The PedroThermoDistance
algorithm introduces a dynamic thermometer approach to calculating string similarity. Using a dynamic programming, it incorporates a unique 'thermometer' mechanism that dynamically adjusts penalties during the string comparison process. This mechanism simulates a thermometer's behavior, where consecutive matches increase the 'temperature', and mismatches decrease it (resulting in penalties based on current temperature). This design allows the algorithm to adapt to the flow of textual similarities and differences, making it ideal for applications that require differentiated text analysis that involve, for example: nuances, misspellings, and etc. With it, it is also possible to generate aligned texts, which makes it even more useful for some use cases that need detailed comparisons and reconciliations of textual data.
It also proved to be more effective in calculating similarity compared to other algorithms. Below are some demonstrations, I used the 'hermetrics' library to compare, the Dice, Hamming, Jaccard, Jaro, Jaro-Winkler algorithms did not prove to be as reliable in all cases.
// In both examples, the basic PTD configuration was used, thermometer=5, heating=1, cooling=1 and impulse=0
// Comparision 1
// TextA: "Hello World"
// textB: "H!eeelxxlwoo Woorldssss"
{
"PedroThermoSimilarity": 0.6722206685686631
"LevenshtainDistance": 0.4782608695652174
"Damerau-LevenshtainDistance": 0.4782608695652174
"OSA": 0.4782608695652174
"JaroDistance": 0.7806324110671937
"JaroWinklerDistance": 0.8025691699604743
}
// Comparision 2
// TextA: "Hello World"
// textB: "elowHlolrWd"
{
"PedroThermoSimilarity": 0.38584465653394745
"LevenshtainDistance": 0.36363636363636365
"Damerau-LevenshtainDistance": 0.36363636363636365
"OSA": 0.36363636363636365
"JaroDistance": 0.806060606060606 // no much reliable
"JaroWinklerDistance": 0.806060606060606 // no much reliable
}
Before the examples you will need to create an instance of PedroThermoDistance
const ptd = PedroThermoDistance.from("Hello World", "elowHlolrWd", 5, { heating: 1, cooling: 1 });
Most of the examples below use a parameter called impulse
, the impulse
determines how good or bad the thermometer will start, where 0 is very bad, any error at the beginning would already charge thermometerSize
and 1 is very good, any error at the beginning would charge 1.

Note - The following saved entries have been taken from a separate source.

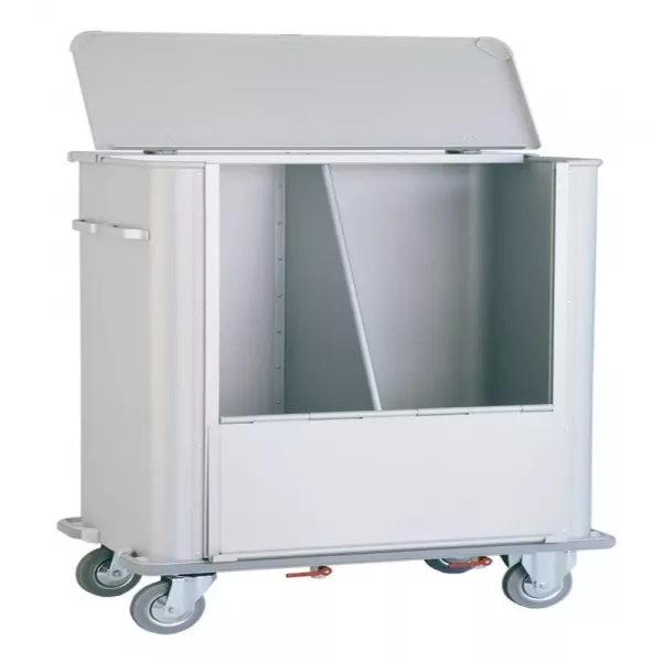 Medicimat vous présente le conteneur avec parois avant lisses, couvercle et pare-chocs, un équipement robuste en alliage léger AlMg3 avec une capacité de 714 litres et un châssis anti-torsion.
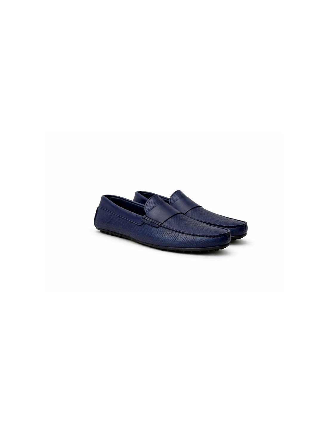 Mocasín de piel con antifaz color azul. Ref: MOCBASKET-MARINO
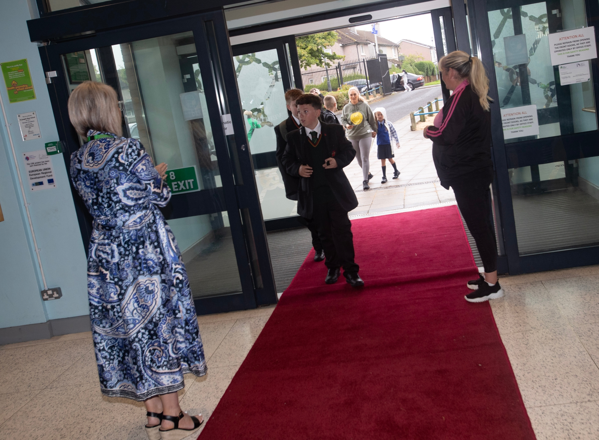 RED CARPET. . . .New Year 8 students make their way through the doors of St. Joseph's Boys School on Monday morning.
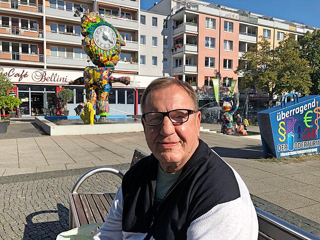 Klaus-Peter Driesent erinnert sich an die Heilbronner Straße, als sie noch Wilhelm-Pieck-Straße hieß: "Früher bin ich hier oft ins Lichtspieltheater der Jugend gegangen. Deshalb hoffe ich, dass die Restaurierung nun voran geht." Ansonsten shoppe der Rentner häufig im "Kaufland-Bunker" und bei H&M. "Kaufland-Bunker" ist der Spitzname vieler Frankfurter für den grauen Einkaufskomplex in der Heilbronner Straße. "Im Westen bin ich öfters, weil ich Verwandte in Frankfurt am Main habe", erzählt der Frankfurter. Ob die Bundesländer im Osten wie im Westen 30 Jahre nach der Wiedervereinigung wirklich einig geworden sind? Klaus-Peter Driesent will sich da nicht festlegen, nur soviel: "Auf jeden Fall müssen unsere Renten im Osten ans West-Niveau angeglichen werden."

Here is how you might use the algorithm to calculate strings distance distance(impulse)
:
// example
console.log(ptd.distance(0)); // 34
console.log(ptd.maxDistance(0)) // 110
Here is how you might use the algorithm to calculate strings max distance maxDistance(impulse)
:
// example
console.log(ptd.maxDistance(0)) // 110
Here is how you might use the algorithm to compare two strings for local similarity localSimilarity(impulse, softness=0.5)
:
- softness: Used in the calculations to weight the standard deviation, that is, how much it should influence the similarity, higher values create a smoother curve.
// example
const ptd = PedroThermoDistance.from("Hello World", "elowHlolrWd", 5, { heating: 1, cooling: 1 });
const localSimilarityScore = ptd.localSimilarity(0);
console.log(localSimilarityScore); // ~0.38
This example demonstrates how the PedroThermoDistance calculates similarity similarity(impulse)
:
Distance similarity is simpler but is a crucial part of local similarity, but if you want to use something simpler and more performative.
// example
const ptd = PedroThermoDistance.from("Hello World", "elowHlolrWd", 5, { heating: 1, cooling: 1 });
const distanceSimilarityScore = ptd.similarity(0);
console.log(distanceSimilarityScore); // ~0.69
This example demonstrates how the PedroThermoDistance traverse the best solution with traverse(impulse)
:
// example
const ptd = PedroThermoDistance.from("testing", "eztzzng", 5, { heating: 1, cooling: 1 });
// This returns an object with two parameters, representing the traversal from right to left (rtl) and from left to right (ltr)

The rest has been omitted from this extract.